The UK Biobank is a large-scale, population-based cohort study involving over 500,000 UK residents aged 40–69 years. Recruitment took place between 2006 and 2010, during which participants completed extensive health questionnaires, underwent detailed physical assessments, and provided biological samples. The study tracked health-related events through data linkage to hospital admission records and mortality registries. In 2009, the UK Biobank introduced ophthalmic examinations to further expand the scope of the collected data[1].
Homepage of the dataset: https://www.ukbiobank.ac.uk/
The data we currently possess mainly includes: Retinal images, and health-realted data.

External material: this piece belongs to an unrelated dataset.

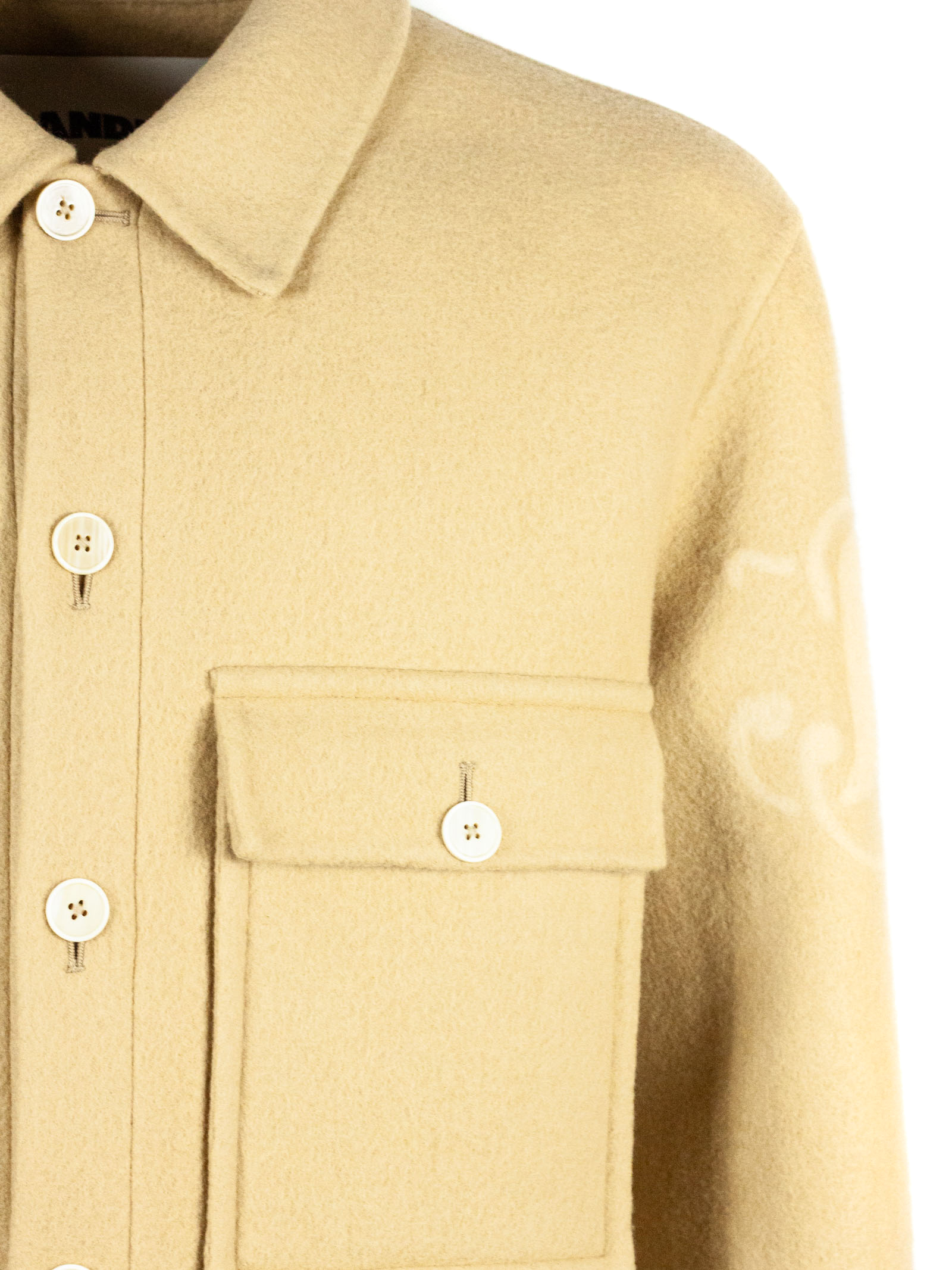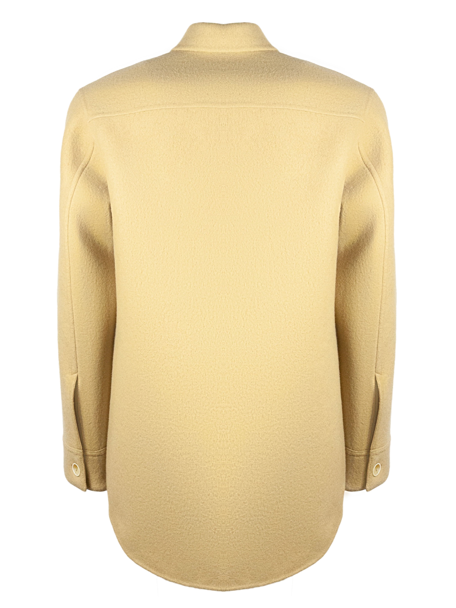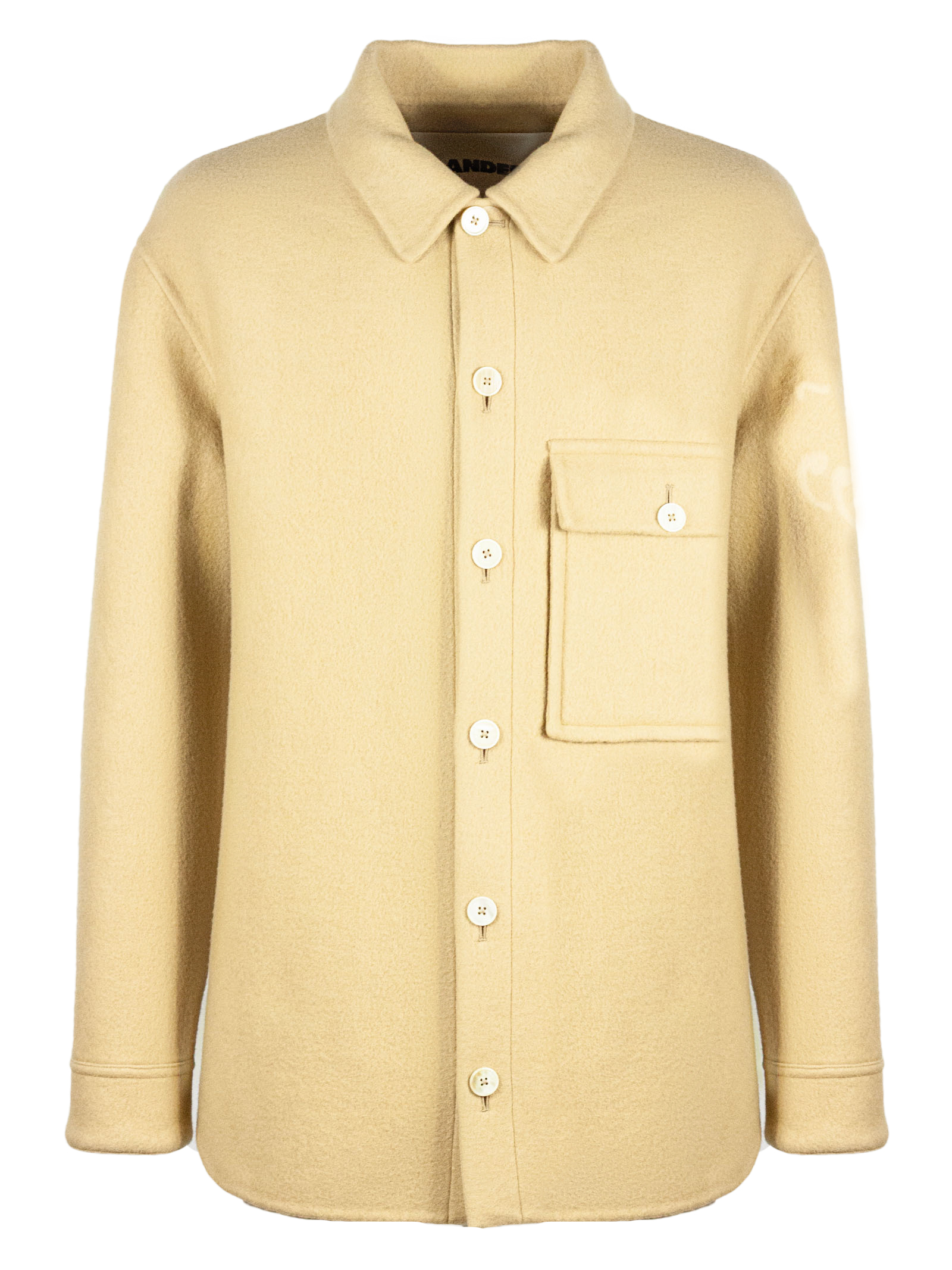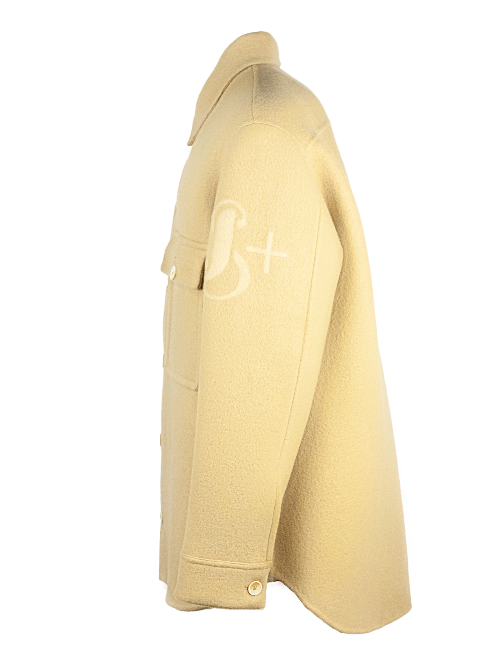 Camel brown virgin wool coat with viscose lining, classic collar, logo detail on the sleeve, chest pocket with flap and button, front button closure

Dataset path: /scratch/users/nus/hongyu.h
Dataset path: /scratch/users/nus/hongyu.h/SERI_UKbiobank/1_Fundus_Images
UKBB_FP_01 : 46514
UKBB_FP_02 : 40826
UKBB_FP_03 : 38786
UKBB_FP_04 : 49705
UKB_new_2024: 1169 + 949 + 1154 + 1 +923 = 4196
Total count of retinal images:180027
Interpretation of the naming format: Participants ID_Data field_Instances_Array
Detailed information is available on the official website.
1017168_21016_2_1.png |
1021021_21015_2_1.png |
Dataset path: /scratch/users/nus/hongyu.h/SERI_UKbiobank/2_Phenptype
The raw data we have is stored in the "/0_Header_Tab" folder, and the other folders contain the organized data required for other projects.
In the "/0_Header_Tab" folder, we have header.txt file and its corresponding xxx.tab file. The .tab file serves as the main data file, and the header file is created by extracting the header from the main data file.
Therefore, if you want to find the data needed for your project, you can search for the field ID on the UK Biobank website and then check if the header files contain the field ID.
If we want to extract ethnic data, we need to go to the UKBB website and find the field ID for ethnic data.
It can be found that the field ID for ethnic data is 21000, and detailed information about the ethnic data can also be obtained.
Next, let's find the location of the ethnic data within the header file.
grep -n '21000' *.txt
We can obtain the search result
D3_ukb41252_tab_8330_header.txt:4737: 4737 f.20160.0.0
D3_ukb41252_tab_8330_header.txt:4738: 4738 f.20160.1.0
D3_ukb41252_tab_8330_header.txt:4739: 4739 f.20160.2.0
D3_ukb41252_tab_8330_header.txt:4740: 4740 f.20160.3.0
According to the ethnic data detailed information, we select 'f.20160.0.0.', which is located at row 4737 in D3_ukb41252_tab_8330_header.txt.
Then, we can extract the ethnic data from the corresponding tab file.
cut -f 1,4737 /scratch/users/nus/hongyu.h/SERI_UKBiobank/2_Phenotype/ukb41252.tab > xxx/ethnic.txt
Through the simple steps mentioned above, we can locate and extract the necessary data for the project.
I've created a "3_Project" folder to help keep our project data organized. Feel free to create your own subfolders within it to store any data you've prepared for your specific needs.
To make things easier, I've also set up a "basic" folder that has essential data like gender and ethnic, since most of our projects rely on this info. Having it all in one place should save us some time and effort.
Let me know if you have any thoughts or suggestions!
[1] Zhu, Zhuoting, et al. "Retinal age gap as a predictive biomarker for mortality risk." British Journal of Ophthalmology 107.4 (2023): 547-554.